Le film raconte le parcours de Manitas, baron de la drogue mexicain, qui simule sa disparition pour enfin embrasser son identité féminine sous le nom d’Emilia. Ce double rôle, interprété par l’actrice transgenre Karla Sofía Gascón, a suscité l’admiration de Cannes, où elle a remporté le prix d’interprétation féminine avec ses partenaires de casting, dont Zoe Saldaña et Selena Gomez. L’actrice, dont la propre transition a profondément inspiré Audiard, pourrait devenir la première femme transgenre nommée aux Oscars.

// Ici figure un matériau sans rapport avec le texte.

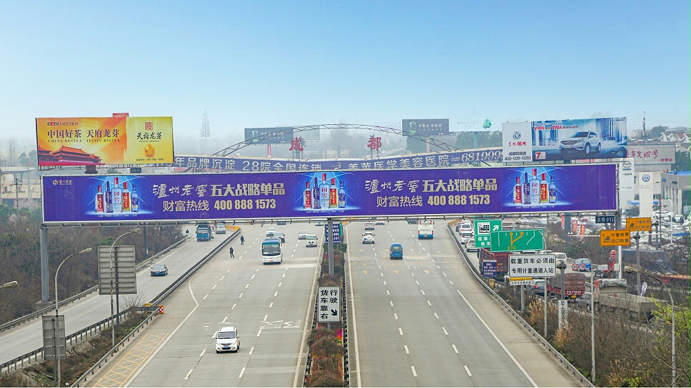 成雅龍門(mén)架廣告(收費(fèi)站旁):該戶外廣告位于成雅高速收費(fèi)站前200米,300平米的超大媒體。氣勢(shì)雄偉,關(guān)注度高。強(qiáng)制性宣傳效果好。

D’abord conçu comme un opéra, le film aborde la transition de Manitas/Emilia à travers un style « kitsch » et revendique un mélange de genres : narco-thriller, telenovela, comédie musicale. Cette approche singulière vise à rendre hommage à la complexité du parcours de son héroïne. « Il fallait que le film absorbe tout », explique Audiard. « C’est un film qui doit être gênant, qui ose aborder les tabous, même en chantant. »

La course se poursuivra jusqu’au 17 décembre, quand l’Academy révélera les quinze demi-finalistes pour l’Oscar du meilleur film étranger. Un éventuel sacre aux Oscars serait un couronnement pour Jacques Audiard, dont le cinéma explore souvent les vies en marge, de Dheepan à De rouille et d’os, en passant par Un Prophète. « Je m’intéresse aux gens qu’on a du mal à qualifier », résume-t-il, exprimant une curiosité intacte pour les parcours singuliers, qui lui a souvent valu les honneurs des plus grands festivals de cinéma.